** Opening MATERIAL PROVIDED block **

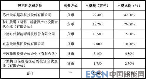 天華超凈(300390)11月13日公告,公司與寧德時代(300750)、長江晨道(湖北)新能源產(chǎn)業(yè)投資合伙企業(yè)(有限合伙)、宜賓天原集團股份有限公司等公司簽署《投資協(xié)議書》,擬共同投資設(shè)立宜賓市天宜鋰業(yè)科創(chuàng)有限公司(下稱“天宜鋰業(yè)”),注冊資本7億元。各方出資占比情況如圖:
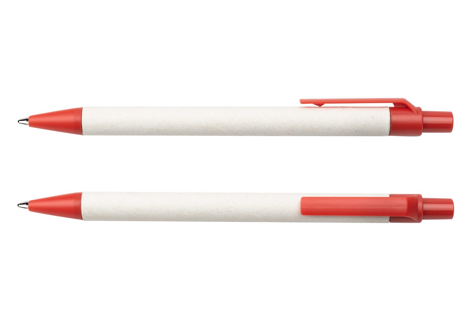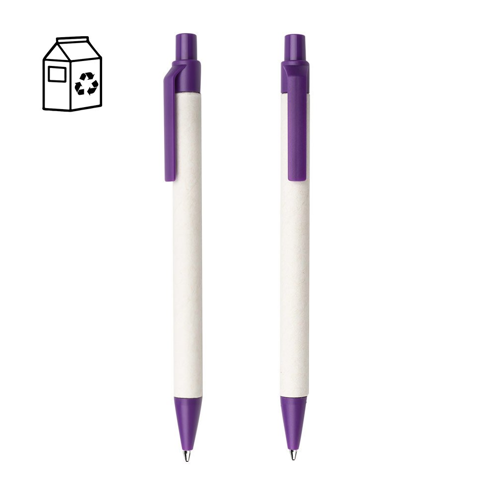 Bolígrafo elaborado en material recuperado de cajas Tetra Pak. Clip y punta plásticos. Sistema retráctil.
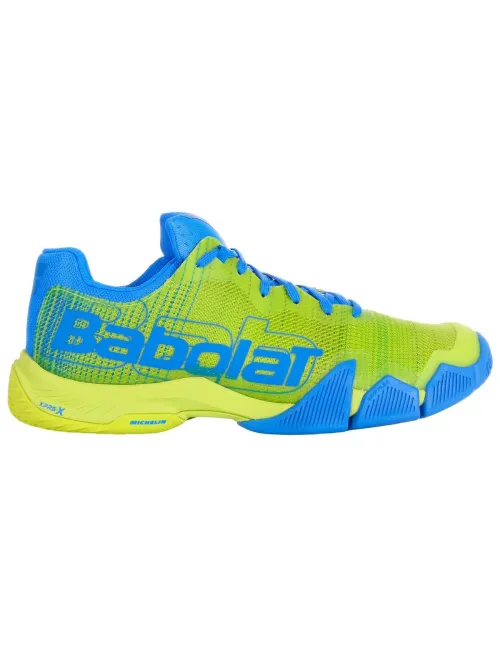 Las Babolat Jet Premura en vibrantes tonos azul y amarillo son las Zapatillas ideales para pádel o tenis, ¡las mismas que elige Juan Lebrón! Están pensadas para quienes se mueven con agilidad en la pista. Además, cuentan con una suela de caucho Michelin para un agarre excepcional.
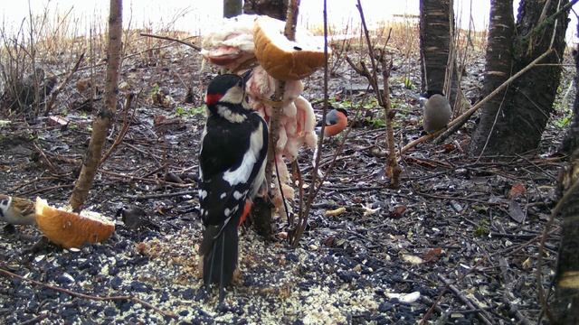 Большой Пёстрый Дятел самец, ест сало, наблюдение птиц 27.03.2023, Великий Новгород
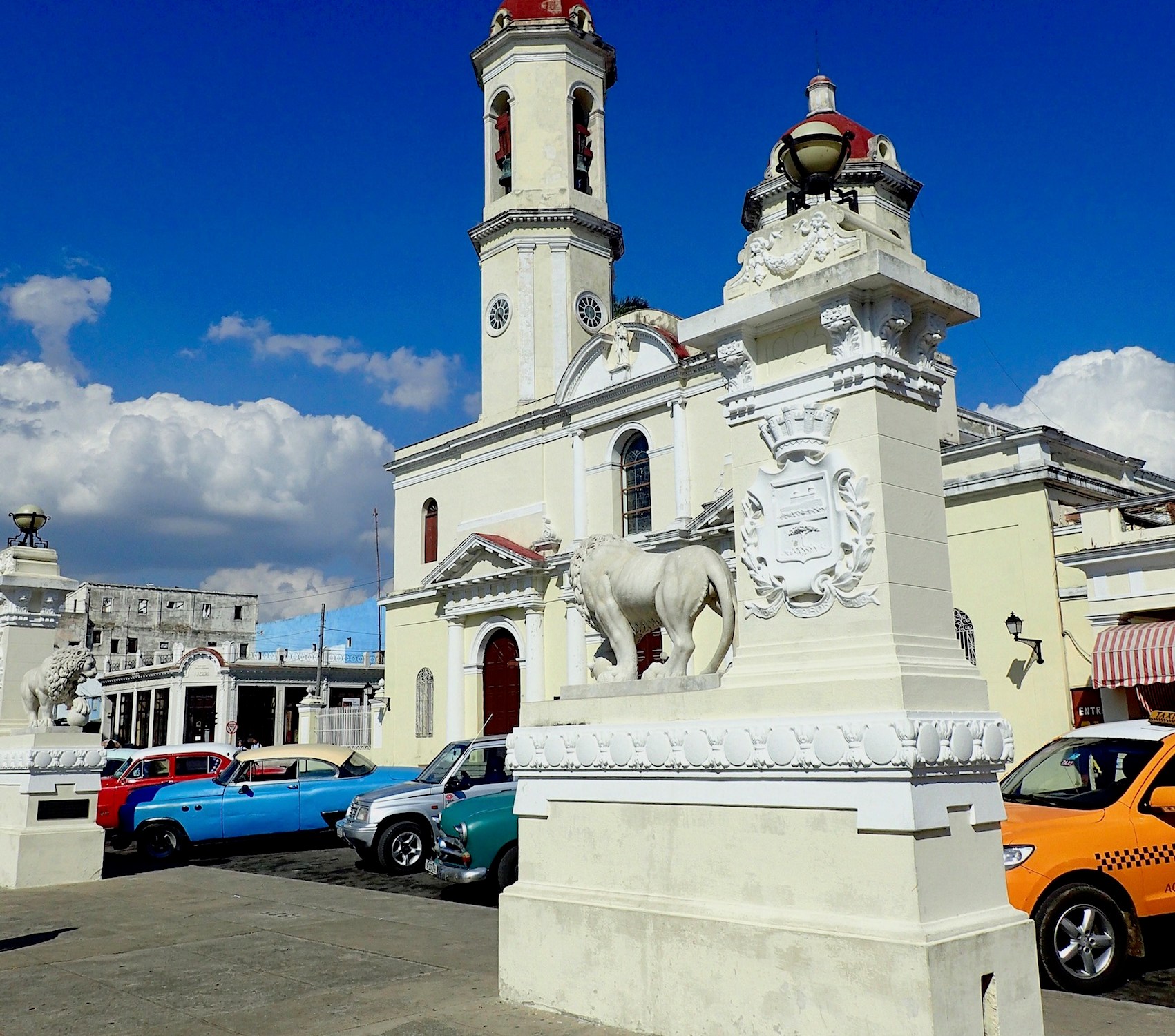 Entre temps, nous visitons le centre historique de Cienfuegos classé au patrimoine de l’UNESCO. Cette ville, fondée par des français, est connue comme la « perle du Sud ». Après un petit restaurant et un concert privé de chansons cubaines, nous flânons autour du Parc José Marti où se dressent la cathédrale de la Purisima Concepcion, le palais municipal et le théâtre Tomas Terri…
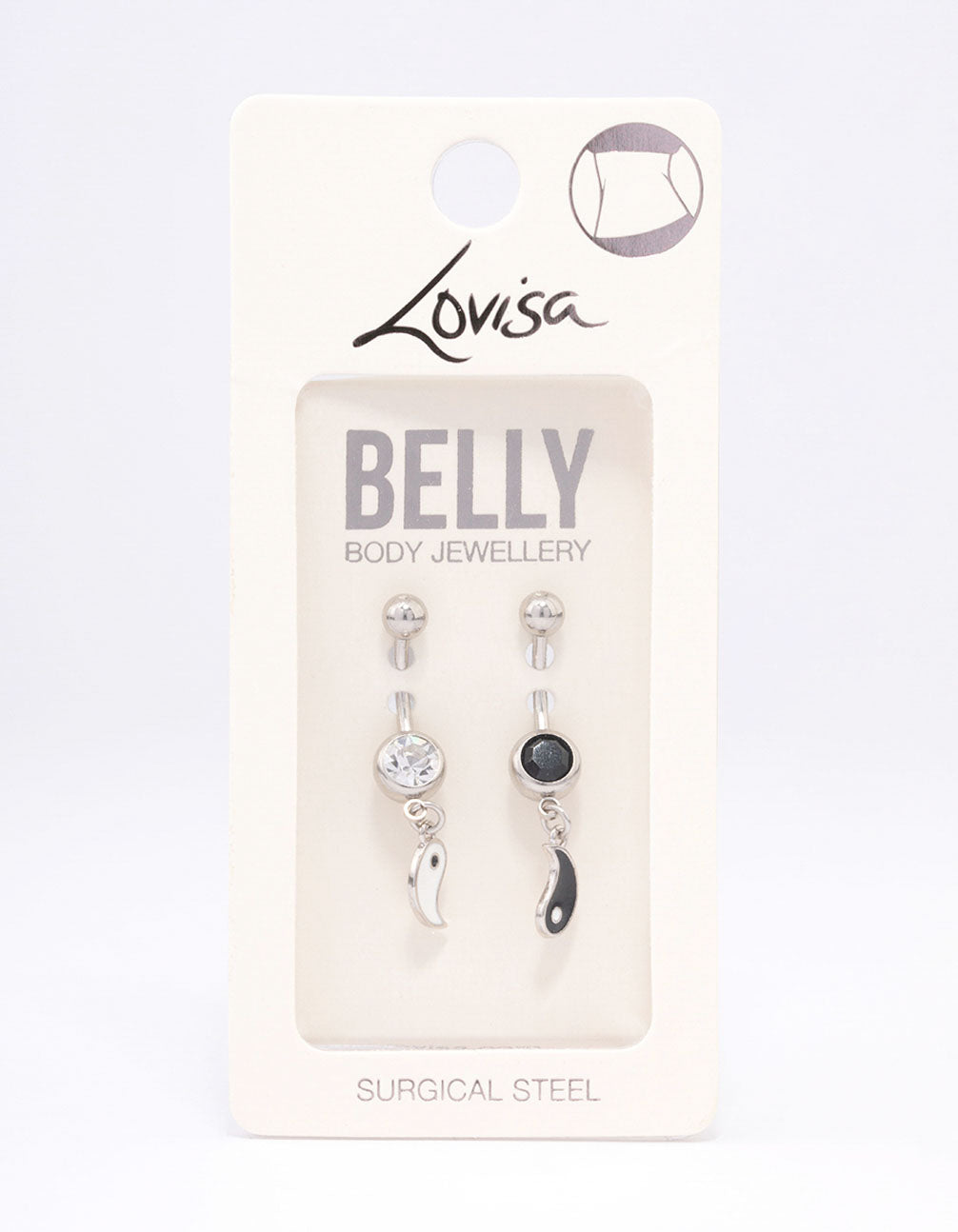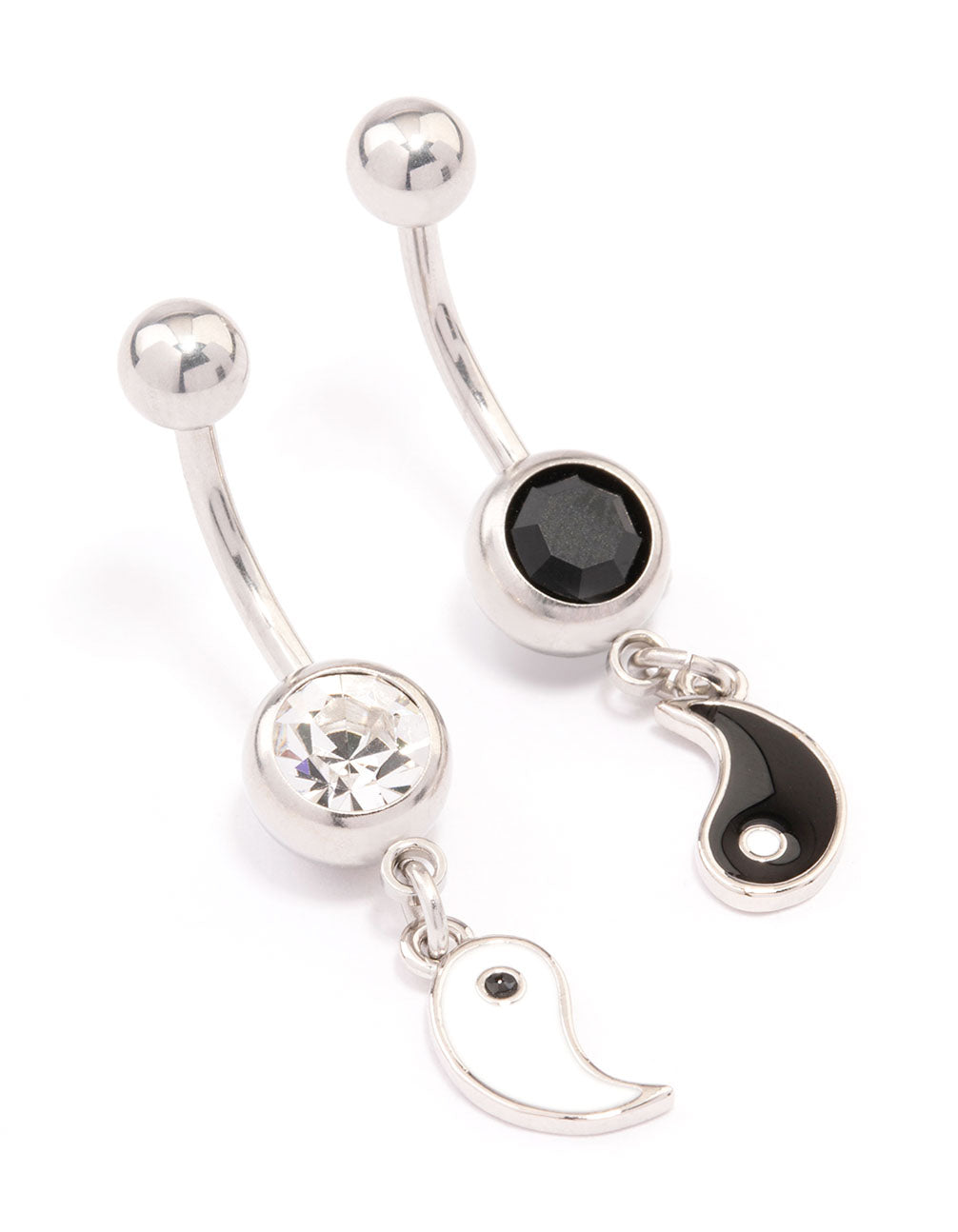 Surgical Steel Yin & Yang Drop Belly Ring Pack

** Closing MATERIAL PROVIDED block **
** Opening MATERIAL PROVIDED block **

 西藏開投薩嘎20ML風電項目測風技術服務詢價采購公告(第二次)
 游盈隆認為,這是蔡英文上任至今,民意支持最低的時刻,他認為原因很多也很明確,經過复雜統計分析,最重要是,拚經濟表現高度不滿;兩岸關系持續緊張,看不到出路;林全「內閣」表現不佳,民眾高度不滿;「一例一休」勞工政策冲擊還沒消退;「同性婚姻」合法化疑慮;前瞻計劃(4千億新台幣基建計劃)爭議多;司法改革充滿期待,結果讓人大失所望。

** Closing MATERIAL PROVIDED block **

_AIM OF THE EXERCISE_. Using the entries above, reproduce word for word only the lines from the one that contains "Entre temps, nous" to the one that contains "Surgical Steel Yin", both ends included, and drop every picture.

_SOLUTION TO THIS TASK_.
 Entre temps, nous visitons le centre historique de Cienfuegos classé au patrimoine de l’UNESCO. Cette ville, fondée par des français, est connue comme la « perle du Sud ». Après un petit restaurant et un concert privé de chansons cubaines, nous flânons autour du Parc José Marti où se dressent la cathédrale de la Purisima Concepcion, le palais municipal et le théâtre Tomas Terri…
 Surgical Steel Yin & Yang Drop Belly Ring Pack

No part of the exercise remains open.